▶ [Record extracts]:
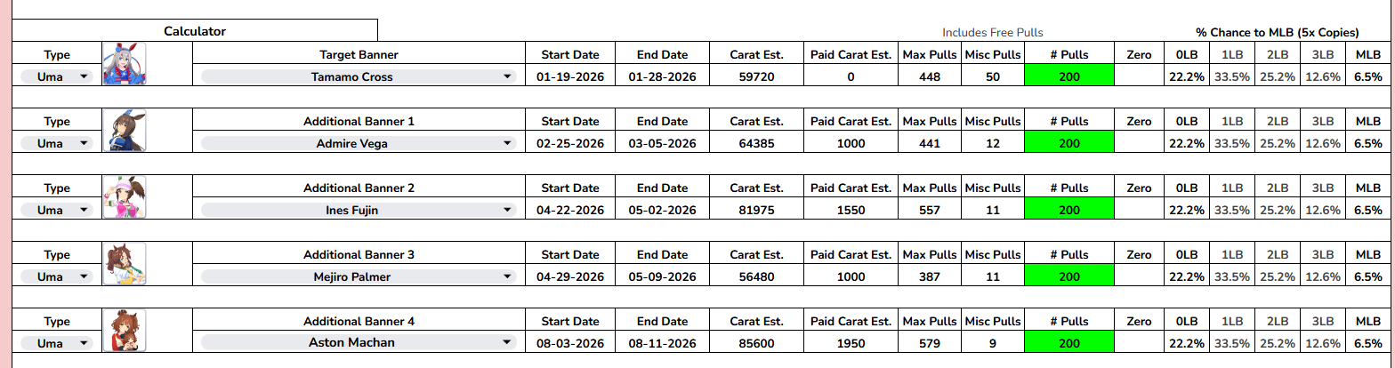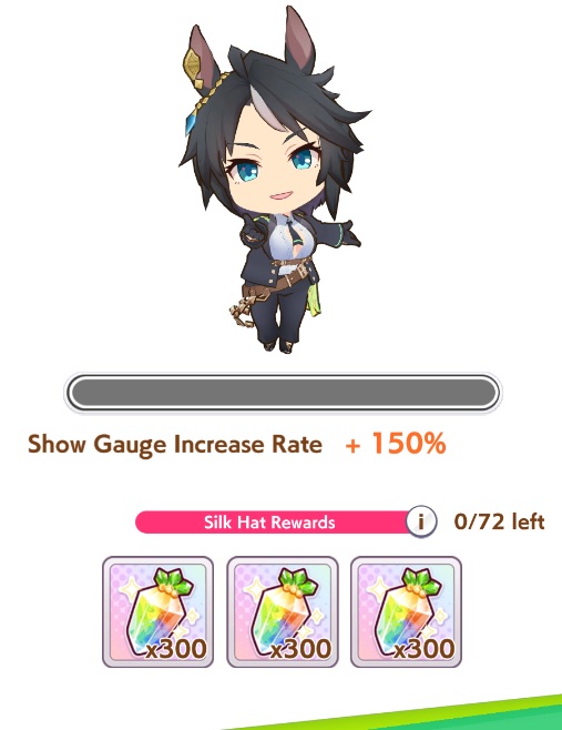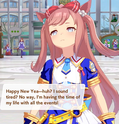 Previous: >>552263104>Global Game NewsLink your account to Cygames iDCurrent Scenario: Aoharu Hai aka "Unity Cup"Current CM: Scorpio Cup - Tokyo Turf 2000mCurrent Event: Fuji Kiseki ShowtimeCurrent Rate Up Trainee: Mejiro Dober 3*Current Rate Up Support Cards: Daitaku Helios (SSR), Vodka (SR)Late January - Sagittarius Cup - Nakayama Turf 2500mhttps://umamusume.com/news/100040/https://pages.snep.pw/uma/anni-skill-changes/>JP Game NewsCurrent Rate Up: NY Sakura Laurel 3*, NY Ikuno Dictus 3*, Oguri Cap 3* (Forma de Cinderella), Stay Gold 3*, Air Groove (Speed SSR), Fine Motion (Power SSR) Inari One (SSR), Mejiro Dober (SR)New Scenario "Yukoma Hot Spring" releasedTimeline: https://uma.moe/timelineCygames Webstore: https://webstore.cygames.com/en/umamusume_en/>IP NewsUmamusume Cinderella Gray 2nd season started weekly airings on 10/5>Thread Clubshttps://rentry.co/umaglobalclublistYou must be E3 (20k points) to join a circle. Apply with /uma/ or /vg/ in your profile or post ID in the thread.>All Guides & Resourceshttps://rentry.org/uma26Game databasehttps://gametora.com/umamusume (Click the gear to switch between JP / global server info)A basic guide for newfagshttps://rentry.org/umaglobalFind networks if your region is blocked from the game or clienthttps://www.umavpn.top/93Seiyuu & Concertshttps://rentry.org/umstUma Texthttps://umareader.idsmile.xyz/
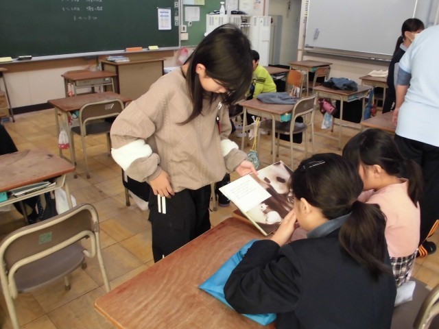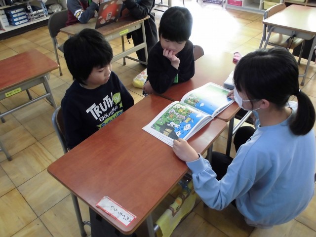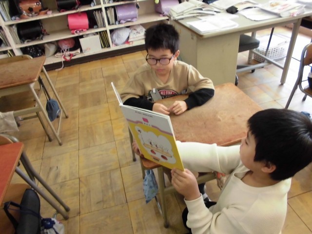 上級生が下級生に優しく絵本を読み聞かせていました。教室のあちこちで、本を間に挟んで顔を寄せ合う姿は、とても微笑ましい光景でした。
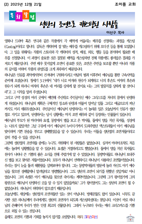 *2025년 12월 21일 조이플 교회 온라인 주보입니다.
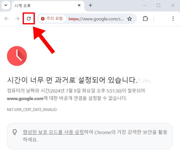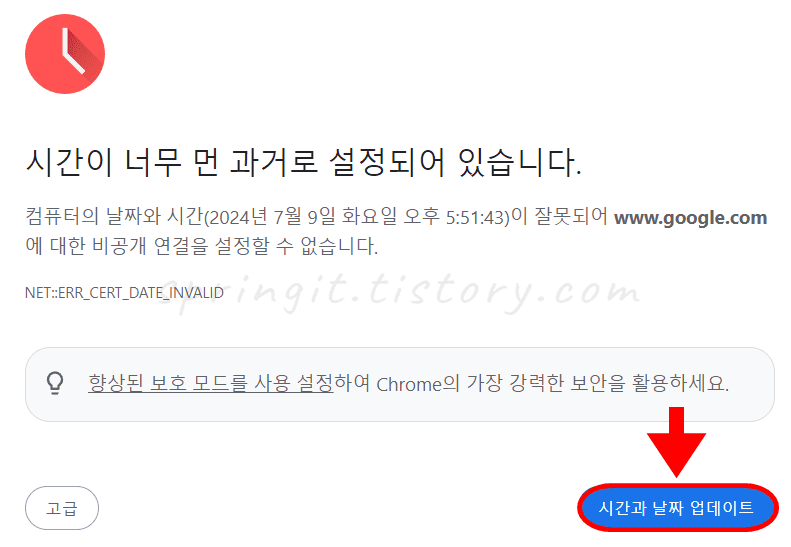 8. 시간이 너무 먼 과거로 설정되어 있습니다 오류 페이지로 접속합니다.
* * *
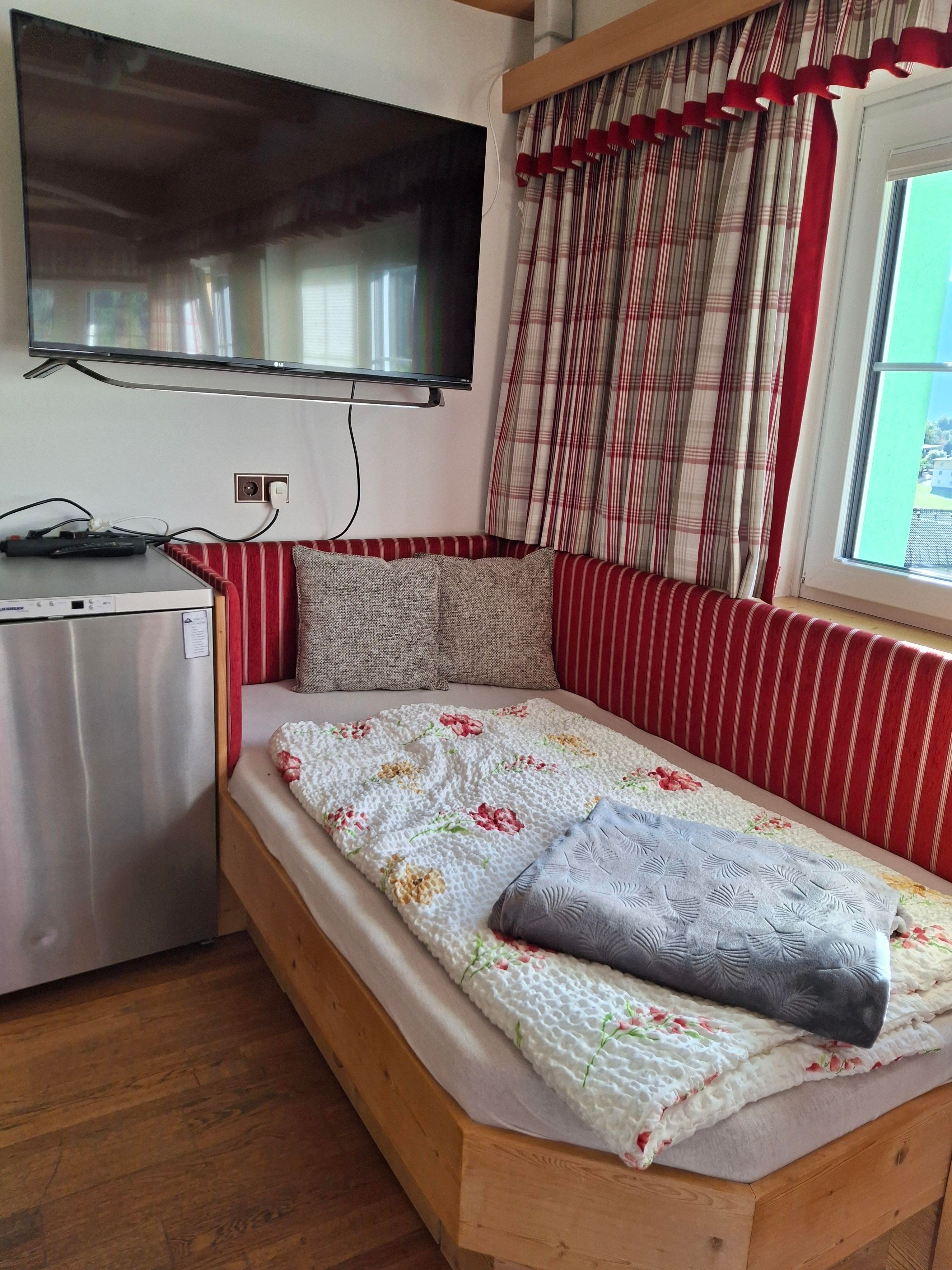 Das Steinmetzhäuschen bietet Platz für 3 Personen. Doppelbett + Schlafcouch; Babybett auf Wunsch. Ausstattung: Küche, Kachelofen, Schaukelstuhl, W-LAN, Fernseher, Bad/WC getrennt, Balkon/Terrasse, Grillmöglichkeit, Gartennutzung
--
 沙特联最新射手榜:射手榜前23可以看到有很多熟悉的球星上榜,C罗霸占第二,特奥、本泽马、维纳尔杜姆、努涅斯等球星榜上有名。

▶ [What this task involves]: In the records above, find the line with "上級生が下級生に優しく絵本を" and the line with "8. 시간이 너무 먼 과거로 설정되어 있습니다 오류 페이지로 접속합니다.". Write out exactly those lines and every one between, with no pictures and no other lines.

▶ [Written response]:
 上級生が下級生に優しく絵本を読み聞かせていました。教室のあちこちで、本を間に挟んで顔を寄せ合う姿は、とても微笑ましい光景でした。
 *2025년 12월 21일 조이플 교회 온라인 주보입니다.
 8. 시간이 너무 먼 과거로 설정되어 있습니다 오류 페이지로 접속합니다.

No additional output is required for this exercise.